Interesting Facts about the Blow Ye Winds (C)
Blow Ye Winds (C) is Joanna C. Colcord’s from the “Songs of American Sailormen” (1938), it is the whaling version, and the last line has been camouflaged. It was a common line in shanties, forebitters, and whaling songs:
Where the Old Man bought a whore-house out for half a barrel o’ flour.
Joanna C. Colcord obtained this song from an old logbook in the New Bedford Public Library.
Because music notation has a lot of differences, instead of Stan Hugill’s version “A”, I took the melody straight from Miss Colcord’s book.
This song will be reconstructed as a forebitter.
The source of this sea shanty
The music: “Shanties from the Seven Seas” by Stan Hugill (1st ed p 219).
The lyrics: “Shanties from the Seven Seas” by Stan Hugill (1st ed p 223, 224).
The Record of the Blow Ye Winds (C)
You also can find this record on my YouTube channel here or directly listen below. Additionally, if you want to share your opinion about the record or share your opinion you can do it in my Facebook forum here, or leave a comment at the bottom of this blog article.
The musical notation
The full lyrics
Blow Ye Winds (C)
‘Tis advertised in Boston, New York, and Buffalo,
Five hundred brave Americans a-whaling for to go.

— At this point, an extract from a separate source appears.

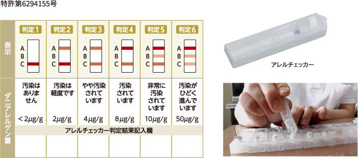 Der 1量を測定部位ごとに検出できるアレルチェッカー(特許登録済)を開発、わずか15分でDer 1量が判定でき、測定部位に応じた対策を講じることを可能にしました。

– Singing blow, ye winds, in the morning,
– And blow, ye winds, high-O!
– Clear away yer running gear,
– And blow, ye winds, high-O!
* 2 *
They send you to New Bedford, that famous whaling port,
And give you to some land-sharks to board and fit you out.
* 3 *
They send you to a boarding house,there for a time to dwell;
The thieves they there are thicker than the other side of hell!
* 4 *
They tell you of the clipper ships a-going in and out,
And say you’ll take five hundred sperm, before you’re six months out.
* 5 *
It’s now we’re out to sea, my boys, the wind comes on to blow;
One half the watch is sick on deck, the other half below.
* 6 *
But as for the provisions, we don’t get half enough;
A little piece of stinking beef, and a blamed small bag of duff.
* 7 *
Now comes that damned old compass, it will grieve your heart full sore.
For theirs is two and thirty points, and we have forty four.
* 8 *
Next comes the running rigging, which you’re all supposed to know;
‘Tis “Lay aloft, you son of a gun, or overboard you go!”
* 9 *
The coopers’s at the vise bench, a-making iron poles,
And the mate’s upon the main hatch, a-cursing all our souls.
* 10 *
The Skipper’s on the quarterdeck, a-squinting at the sails,
When up aloft the lookout sights a school of whales.
* 11 *
“Now clear away the boats, my boys, And after him we’ll travel,
But if you get too near his fluke, he’ll kick you to the devil!”
* 12 *
Now we have got him turned up, we tow him alongside;
We over with our blubber hooks, and rob him of his hide.
* 13 *
Now the boat-steerer overside the tackle overhauls,
The Skipper’s in the main-chains, so loudly he does bawl!
* 14 *
Next comes the stowing down, my boys, ’twill take both night and day,
And you’ll all have fifty cents apiece on the hundred and ninetieth lay.
* 15 *
Now we are bound into Tonbas, that blasted whaling port,
And if you run away, my boys, you surely will get caught.
* 16 *
Now we are bound into Tuckoona, full more in their power,
Where the skippers can buy the Consul up for half a barrel of flour!
* 17 *
But now that our old ship is full and we don’t give a damn,
We’ll bend on all our stu’nsails and sail for Yankee land.
* 18 *
When we get home, our ship made fast, and we get through our sailing,
A winding glass around we’ll pass and damn this blubber whaling!